The problem ▸ Without the images, reproduce each line of the material exactly.

Data extract ▸
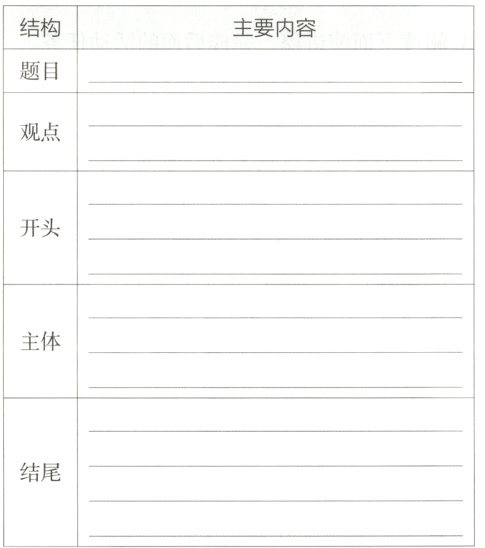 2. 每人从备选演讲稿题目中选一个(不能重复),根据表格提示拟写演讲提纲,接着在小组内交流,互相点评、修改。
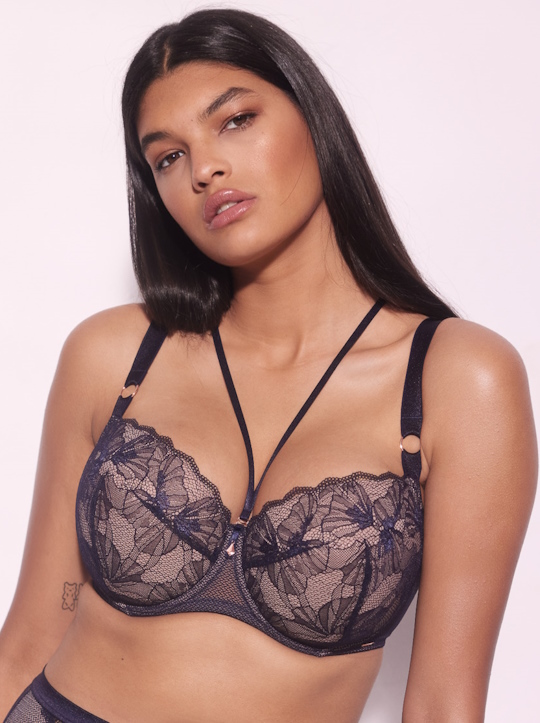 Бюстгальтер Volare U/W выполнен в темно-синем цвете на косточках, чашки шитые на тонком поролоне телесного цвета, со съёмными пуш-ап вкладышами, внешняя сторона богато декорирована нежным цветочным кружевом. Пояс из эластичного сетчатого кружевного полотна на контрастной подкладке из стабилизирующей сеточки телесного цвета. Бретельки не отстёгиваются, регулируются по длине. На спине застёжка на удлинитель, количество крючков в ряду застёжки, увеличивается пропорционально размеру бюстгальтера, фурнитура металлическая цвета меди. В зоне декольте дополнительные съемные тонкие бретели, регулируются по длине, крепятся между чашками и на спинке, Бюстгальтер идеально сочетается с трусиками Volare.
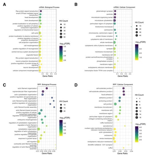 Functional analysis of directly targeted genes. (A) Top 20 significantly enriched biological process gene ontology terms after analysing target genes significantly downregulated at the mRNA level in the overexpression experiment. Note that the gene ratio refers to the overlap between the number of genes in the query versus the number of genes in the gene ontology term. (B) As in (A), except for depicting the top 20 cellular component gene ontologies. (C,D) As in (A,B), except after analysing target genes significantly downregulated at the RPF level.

Output of the exercise ▸
 2. 每人从备选演讲稿题目中选一个(不能重复),根据表格提示拟写演讲提纲,接着在小组内交流,互相点评、修改。
 Бюстгальтер Volare U/W выполнен в темно-синем цвете на косточках, чашки шитые на тонком поролоне телесного цвета, со съёмными пуш-ап вкладышами, внешняя сторона богато декорирована нежным цветочным кружевом. Пояс из эластичного сетчатого кружевного полотна на контрастной подкладке из стабилизирующей сеточки телесного цвета. Бретельки не отстёгиваются, регулируются по длине. На спине застёжка на удлинитель, количество крючков в ряду застёжки, увеличивается пропорционально размеру бюстгальтера, фурнитура металлическая цвета меди. В зоне декольте дополнительные съемные тонкие бретели, регулируются по длине, крепятся между чашками и на спинке, Бюстгальтер идеально сочетается с трусиками Volare.
 Functional analysis of directly targeted genes. (A) Top 20 significantly enriched biological process gene ontology terms after analysing target genes significantly downregulated at the mRNA level in the overexpression experiment. Note that the gene ratio refers to the overlap between the number of genes in the query versus the number of genes in the gene ontology term. (B) As in (A), except for depicting the top 20 cellular component gene ontologies. (C,D) As in (A,B), except after analysing target genes significantly downregulated at the RPF level.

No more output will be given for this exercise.